Understanding how biodiversity can contribute to sustainable urban development will be vital as 70% of the world’s population moves into cities, an expert from the Stockholm Resilience Centre has warned.

Thomas Elmqvist, a Professor at the University of Stockholm told RTCC that an area the size of South Africa is expected to be lost to rapid urbanisation over the next couple of decades.

He said this could pose a number of challenges, which a focus on biodiversity could help to solve.

“This will be primarily agricultural land,” he said. “This will have knock on effects because at the same time we have an increase in population and an increase in the need for food, so we will need to increase production.

“If we manage to make this urbanisation sustainable, there are so many things we could win for human well-being and for biodiversity and ecosystem services.”

Along with 120 scientists worldwide, Elmqvist helped put together an assessment of the potential impacts and opportunities of urbanisation.

The Cities and Biodiversity Outlook highlights a wide range of successful examples of sustainable urban development, initiated by cities and local and sub-national governments around the world.

With 60% of the projected urban land in 2030 yet to be built, the is a major opportunity to improve the way countries do urban development, promoting low carbon solutions and resource efficiency, said Elmqvist.

This will then also bring environmental benefits and improve the quality of life for people living in cities, he added.

“Cities are facing enormous challenges; climate change is one,” he said. “We know that climate change will increase the frequency of heatwaves.
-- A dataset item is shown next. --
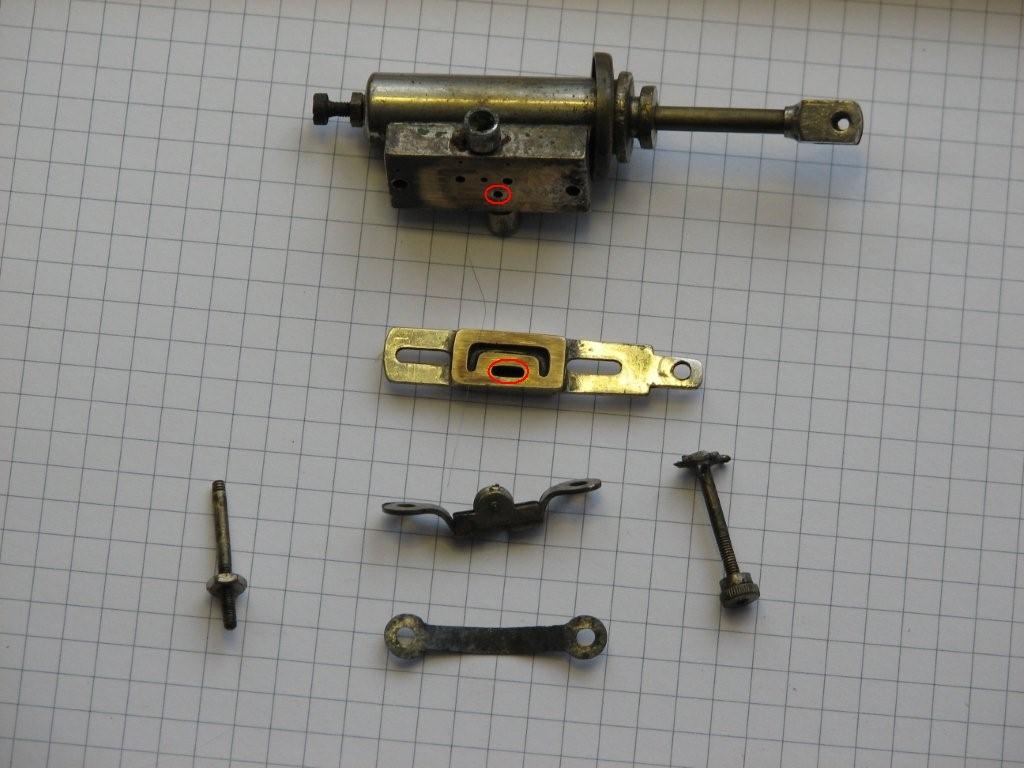 Wycięcie zakreślone na suwaku zapewne steruje wlotem pary do cylindra. Natomiast otwór zakreślony na cylindrze jest pewno wylotem pary poza silnik. Ew. odwrotnie, zaleznie od kierunku obrotu silnika.

It will also cause much higher variation in precipitation. Here is an opportunity for cities to embrace what we know about ecosystems and how they could reduce vulnerability.

“You can use vegetation and tress to cool the city, then you don’t have to invest in systems that will demand a lot of energy for cooling. You can also use ecosystems and vegetation to reduce the risk of flooding too.”

Elmqvist said the study highlights 50 plus examples of where this type of thinking is already happening. He said Curitiba in Brazil is an important example of where local governments are investing in green infrastructure.

“I think for a city in the global south they actually provide a role model for how cities could develop,” he said. “It is important to have those in tropical countries and countries in the global south because that is where we will have the most rapid urbanisation in the future.”